Task to complete.
Should the listing contain images, exclude them; give the rest again exactly.

Information shown.
┄┄┄┄┄┄┄┄┄┄

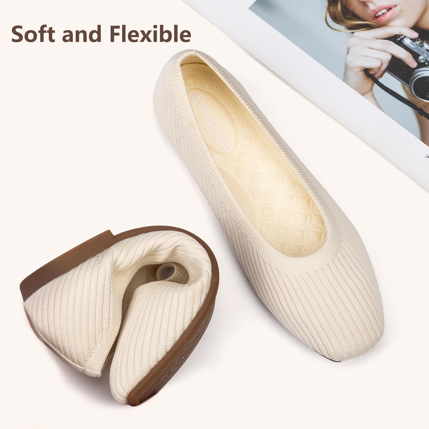 Frank Mully Women’s Flats Square Toe Flats Comfortable Slip on Washable Ballet Flats Shoes for Women Dressy Work(Beige)
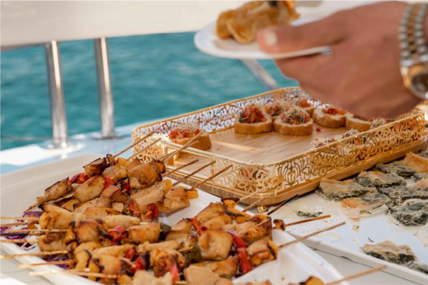 Purjehdi Dubain häikäisevää rannikkoa pitkin ja ohita Marina, Bluewaters ja Palm Jumeirah siemaillen viiniä, olutta, proseccoa ja virvoitusjuomia gourmet-kanapien kera. Kun keskiyö lähestyy, näet henkeäsalpaavan ilotulituksen valaisevan Jumeirah Beach Residencen, Atlantiksen ja ikonisen Burj Al Arabin. Tanssi tähtien alla DJ:n pitäessä energian yllä ja toivota vuosi 2026 tervetulleeksi ylellisellä, musiikillisella ja juhlallisella yöllä vesillä.
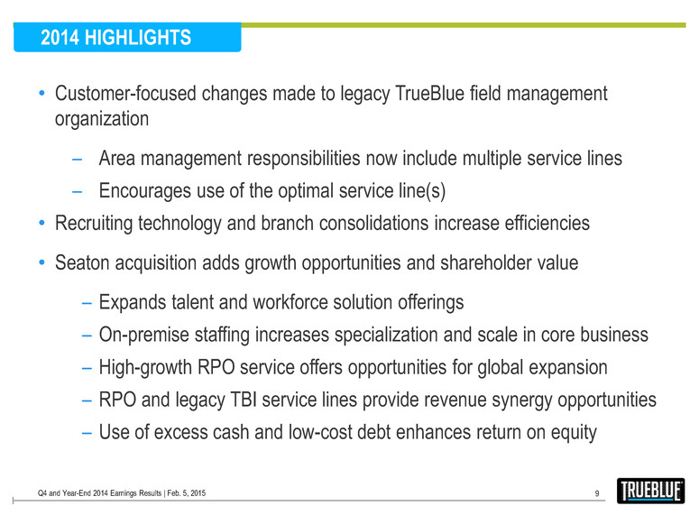 Q4 2014 HIGHLIGHTS – Seaton Amounts in millions. • Strong results; meeting all performance expectations • All customers and senior management retained • Record Q4 results for on-premise staffing business • Strong RPO new customer pipeline Revenue Adjusted EBITDA Adjusted EBITDA Margin $ 246 $ 15 6.3% Q4 2014 8 Q4 and Year-End 2014 Earnings Results | Feb. 5, 2015
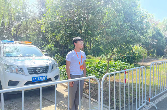 9月17日凌晨5:20志愿者们穿着统一制作的志愿服,佩戴工作牌准时出发,于7:00到达指定岗位,和工作人员一起布置好铁马和警戒带。

┄┄┄┄┄┄┄┄┄┄

Task answer.
 Frank Mully Women’s Flats Square Toe Flats Comfortable Slip on Washable Ballet Flats Shoes for Women Dressy Work(Beige)
 Purjehdi Dubain häikäisevää rannikkoa pitkin ja ohita Marina, Bluewaters ja Palm Jumeirah siemaillen viiniä, olutta, proseccoa ja virvoitusjuomia gourmet-kanapien kera. Kun keskiyö lähestyy, näet henkeäsalpaavan ilotulituksen valaisevan Jumeirah Beach Residencen, Atlantiksen ja ikonisen Burj Al Arabin. Tanssi tähtien alla DJ:n pitäessä energian yllä ja toivota vuosi 2026 tervetulleeksi ylellisellä, musiikillisella ja juhlallisella yöllä vesillä.
 Q4 2014 HIGHLIGHTS – Seaton Amounts in millions. • Strong results; meeting all performance expectations • All customers and senior management retained • Record Q4 results for on-premise staffing business • Strong RPO new customer pipeline Revenue Adjusted EBITDA Adjusted EBITDA Margin $ 246 $ 15 6.3% Q4 2014 8 Q4 and Year-End 2014 Earnings Results | Feb. 5, 2015
 9月17日凌晨5:20志愿者们穿着统一制作的志愿服,佩戴工作牌准时出发,于7:00到达指定岗位,和工作人员一起布置好铁马和警戒带。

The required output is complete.